Я взял от него бутылку, и он встретился со мной взглядом. В его пустых глазах что-то мелькнуло, и я увидел, что он становится сам собой, принимая какое-то решение, но потом взгляд снова стал пустым и далеким, и он освободил бутылку.

Виски обожгло горло, грудь, живот. Я закашлялся, брызнул слюной. Потом отпил еще и еще раз. На третий раз в животе у меня все скрутило. Голова закружилась, и я отдал ему бутылку.

О н прошел мимо меня, в свой кабинет. Там у него стоял диванчик, и он пару раз спал там, когда они с мамой ссорились. Он упал на него, в одной руке держа бутылку. Снова отпил из нее, потом откинул голову назад и закрыл глаза. Я смотрел, как по его щеке течет слеза.

— Джен, — из него вырвалось рыдание, и вот тогда я закрыл дверь.

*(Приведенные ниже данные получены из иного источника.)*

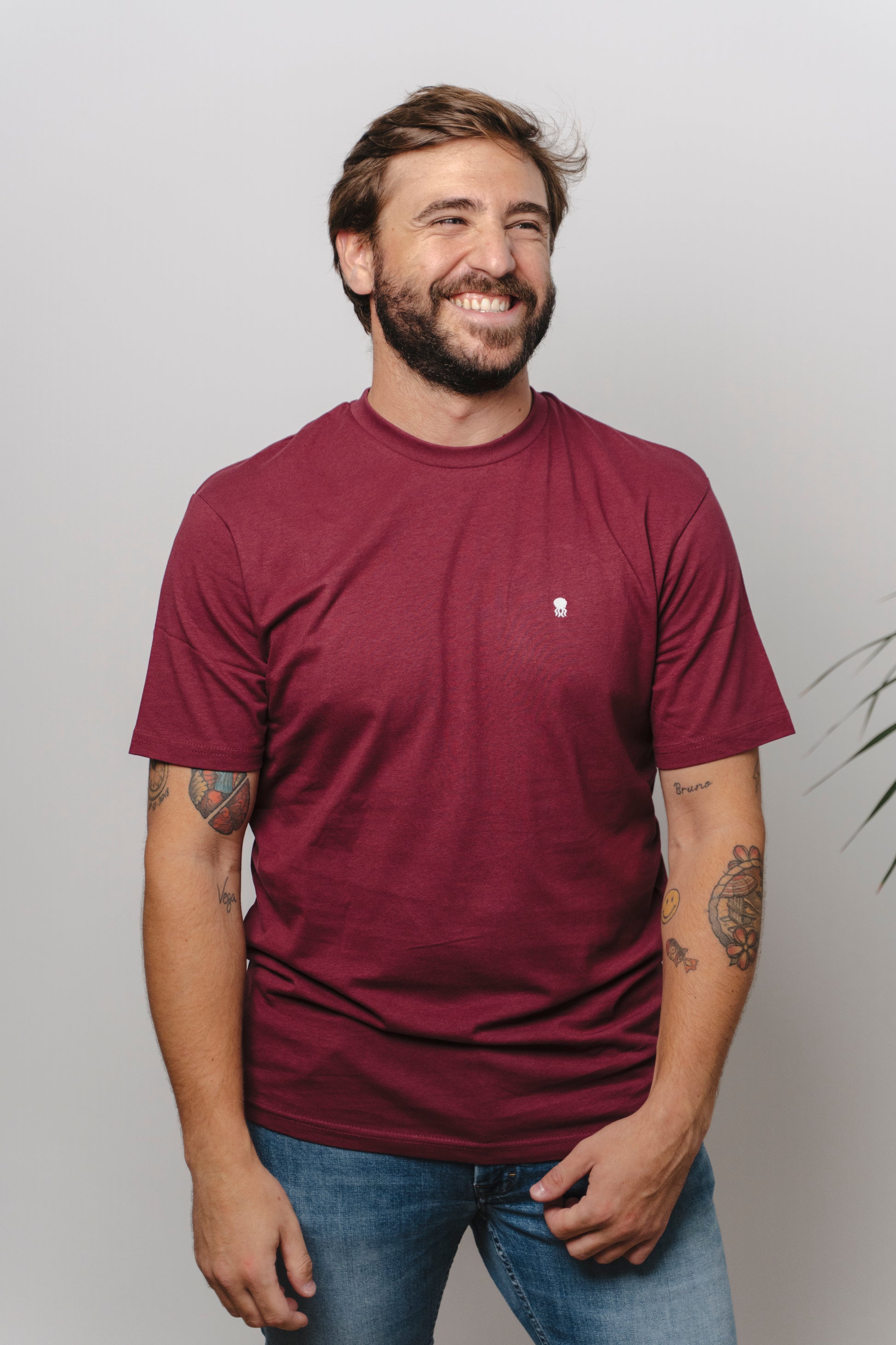 CAMISETA BURDEOS CON CUELLO REDONDO Y BORDADO MEDUSA

Это горе было слишком личное, чтобы наблюдать за ним. 

Глава 7

У меня кружилась голова, я напился впервые в жизни. Я пошел в свою комнату и сел за стол. Только с одним человеком я хотел поговорить.

* * *

Эвер,

Ее больше нет. Я только что видел, как она умерла. Она просто тихо ушла. Она крякала. Я показал ей рисунок той утки, которую нарисовал в Интерлокене. Помнишь? Я показал ей тот рисунок, и она закрякала. Как утка. Она сказала мне, что любит меня.

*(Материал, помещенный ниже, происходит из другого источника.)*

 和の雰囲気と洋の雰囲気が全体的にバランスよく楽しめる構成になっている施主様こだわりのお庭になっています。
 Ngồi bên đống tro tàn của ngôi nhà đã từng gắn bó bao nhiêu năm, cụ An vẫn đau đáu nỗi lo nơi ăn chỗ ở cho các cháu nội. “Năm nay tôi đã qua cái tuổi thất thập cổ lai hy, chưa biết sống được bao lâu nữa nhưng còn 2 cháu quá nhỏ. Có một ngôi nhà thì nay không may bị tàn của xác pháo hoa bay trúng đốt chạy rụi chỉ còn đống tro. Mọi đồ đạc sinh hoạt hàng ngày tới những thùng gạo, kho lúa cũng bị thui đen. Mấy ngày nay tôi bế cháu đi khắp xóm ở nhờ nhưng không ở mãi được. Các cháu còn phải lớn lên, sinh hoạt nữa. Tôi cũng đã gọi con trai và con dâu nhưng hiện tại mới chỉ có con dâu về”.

Письмо, которое ты мне послала, все еще лежит у меня в кармане. Я не открывал его. Еще не прочел. Сейчас я, может быть, немного пьян. Это ничего? Я не знаю, что делать дальше. Это для меня слишком. Слишком, слишком, слишком. Что, черт возьми, я должен делать?

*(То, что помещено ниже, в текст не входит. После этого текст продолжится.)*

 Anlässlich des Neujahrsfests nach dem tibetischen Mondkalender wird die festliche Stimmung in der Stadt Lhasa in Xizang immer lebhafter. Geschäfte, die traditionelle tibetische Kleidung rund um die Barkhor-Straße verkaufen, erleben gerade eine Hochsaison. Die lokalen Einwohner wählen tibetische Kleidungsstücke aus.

Я отвез папу домой. Из больницы. Просто оставил ее там. Но ее ведь там нет. Мамы нет больше. Тело, которое лежит в кровати — просто кусок мяса. Но мы просто оставили ее там. Что дальше? Папы тоже нет. Он не мертв, просто сломлен. Не знаю, придет ли он когда-нибудь в себя. Я думаю, он так сильно нуждался в маме и не смог бы жить без нее, и теперь он тоже, как кусок мяса. А что насчет меня?

В твоем последнем письме, которое я прочитал на той неделе, ты говорила, что папа собирается устроить для тебя мастерскую для твоих фотографий, но когда я отослал письмо, я понял, что и не знал, что ты фотографируешь. Это твое новое увлечение? Я знаю, что ты рисуешь и хочешь заняться скульптурой, но не помню, чтобы ты говорила о фотографии. Мне просто пришла в голову эта мысль.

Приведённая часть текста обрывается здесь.